What kind of light therapy product works best? According to the research, you won't get much relief from "full-spectrum light bulbs," the kind you find in the supermarket or from widely advertised lamps such as the "Ott" light. You may find the color more appealing, but the light won't have much effect on your mood. (2)
For the most benefits, the light source either has to be very bright, 5,000 lux or more, or it has to be a very specific wavelength (such as the Apollo BLUEWAVE™, which is measured in photons/cm2). Brand new research shows that if you have light in a particular spectrum (around 460 nanometers, which is in the blue range) you will get benefits from much dimmer light.(3)
The majority of light therapy products on the market use fluorescent tubes. Compared with other sources of light, they're more energy efficient and less of a fire hazard. People who don't like the idea of fluorescent lights are probably thinking about the buzzing, flickering, unflattering light of years ago. Today's fluorescents have electronic components that have all but eliminated the annoying buzz and flicker. A more advanced type of light uses "light-emitting diodes" or LEDs and is very compact and light weight. A 5,000 lux phototherapy device that uses LEDs is as effective as a 10,000 lux device that uses fluorescent tubes. LEDs are also very compact, which has ushered in the new generation of ultra-light therapy devices.
No matter what kind of light you buy, make sure that it's UV-shielded. UV light increases your risk of cataracts and a more serious eye disorder called "macular degeneration." Tanning lights are a definite "no" because they emit a considerable amount of UV light and can increase your risk of certain skin cancers.
What time of day should you schedule your light session?
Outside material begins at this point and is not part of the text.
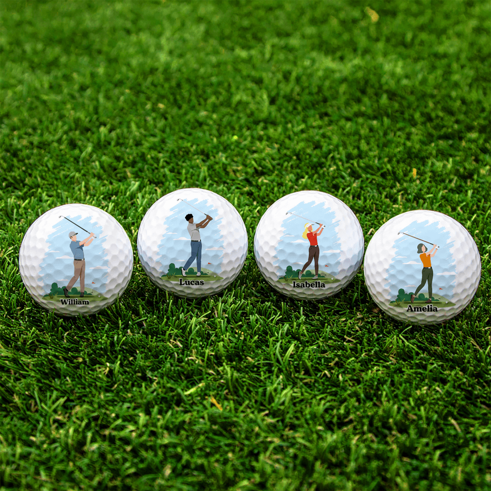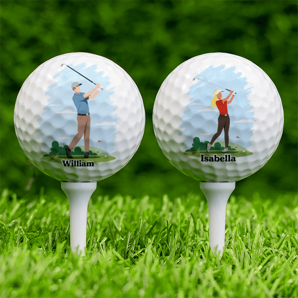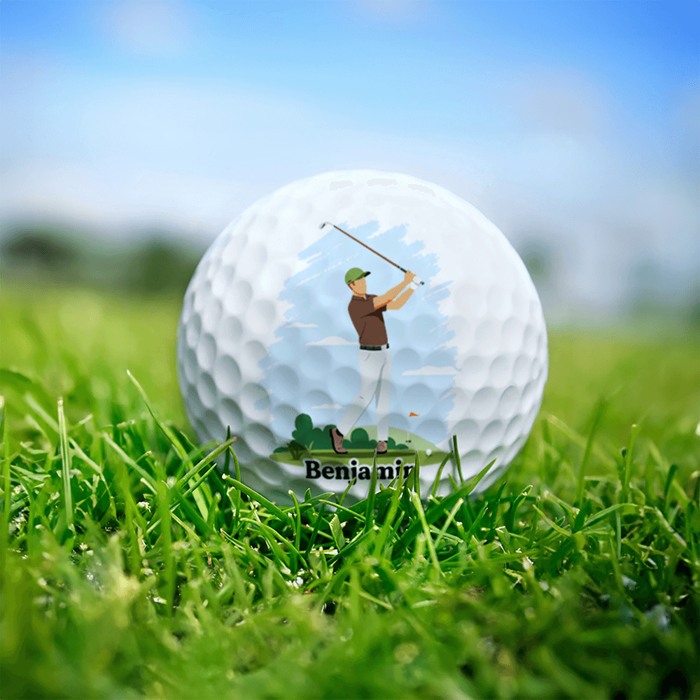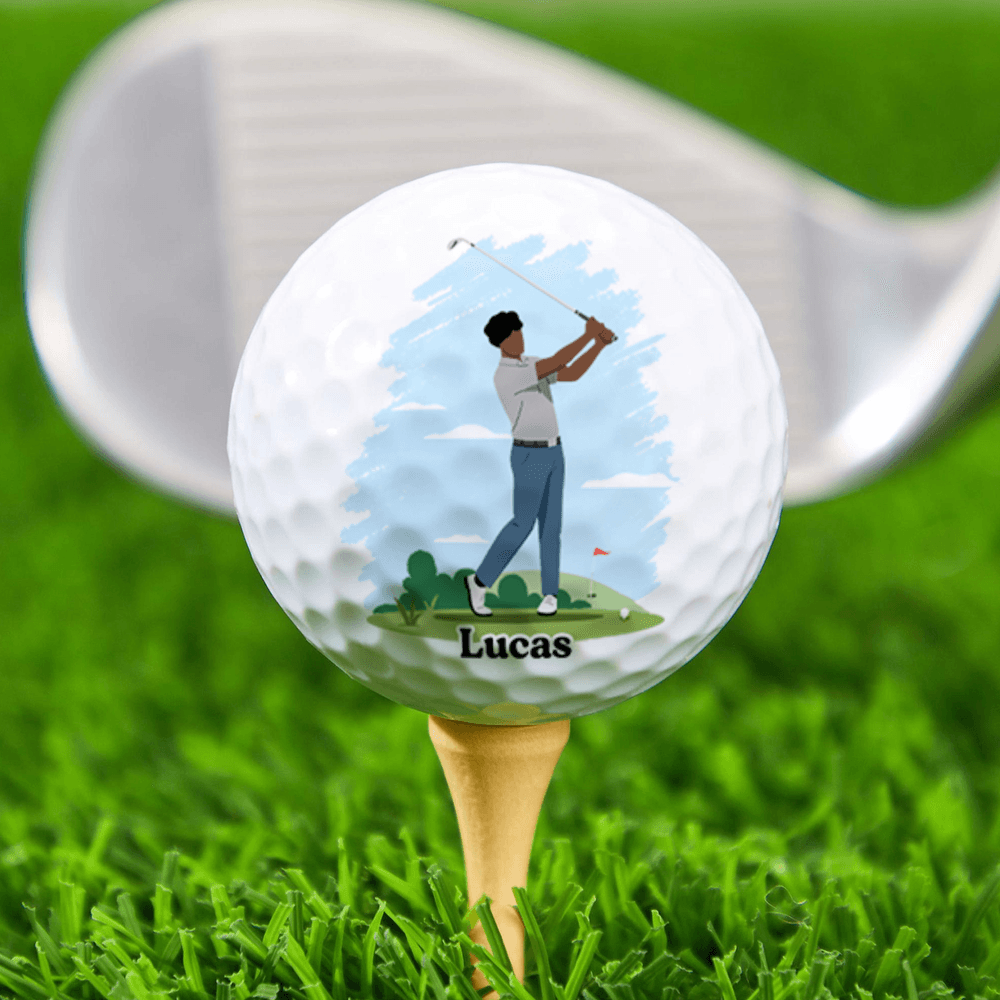 This unique golf ball features a customizable design, offering a minimalist cartoon illustration of a golfer in male/female styles, paired with a printed name. The design blends playful, sporty charm with personal flair—turning a standard golf ball into a one-of-a-kind accessory that reflects the user’s identity on the course.

Some, but not all, studies give a slight edge to morning light. But light at any time of the day has mood-enhancing, energizing effects. The only caveat is that you should not use bright light in the late evening hours because it will block your production of melatonin, depriving you of its calming, soothing, healing effects.
Finally, can you get too much light? Bright artificial light can trigger mania in some people with a condition called "bipolar disorder," formerly known as manic depression. And a small minority of healthy people report that getting an hour or more of very bright light can make them feel "jittery" or anxious or interfere with their sleep. (Especially if they get the bright light in the evening hours.) If you feel jittery when using a light box, simply shorten your exposure time until these symptoms go away. Of course, there are no known adverse reactions to natural outdoor light, —as long as you protect yourself from the UV rays!
As you begin to add more light to your life, keep in mind that the underlying goal is to recreate the natural outdoor environment—very bright in the daytime and blessedly dark at night. Turn off the bright lights in the late evening hours and switch to soothing, melatonin-enhancing dim light.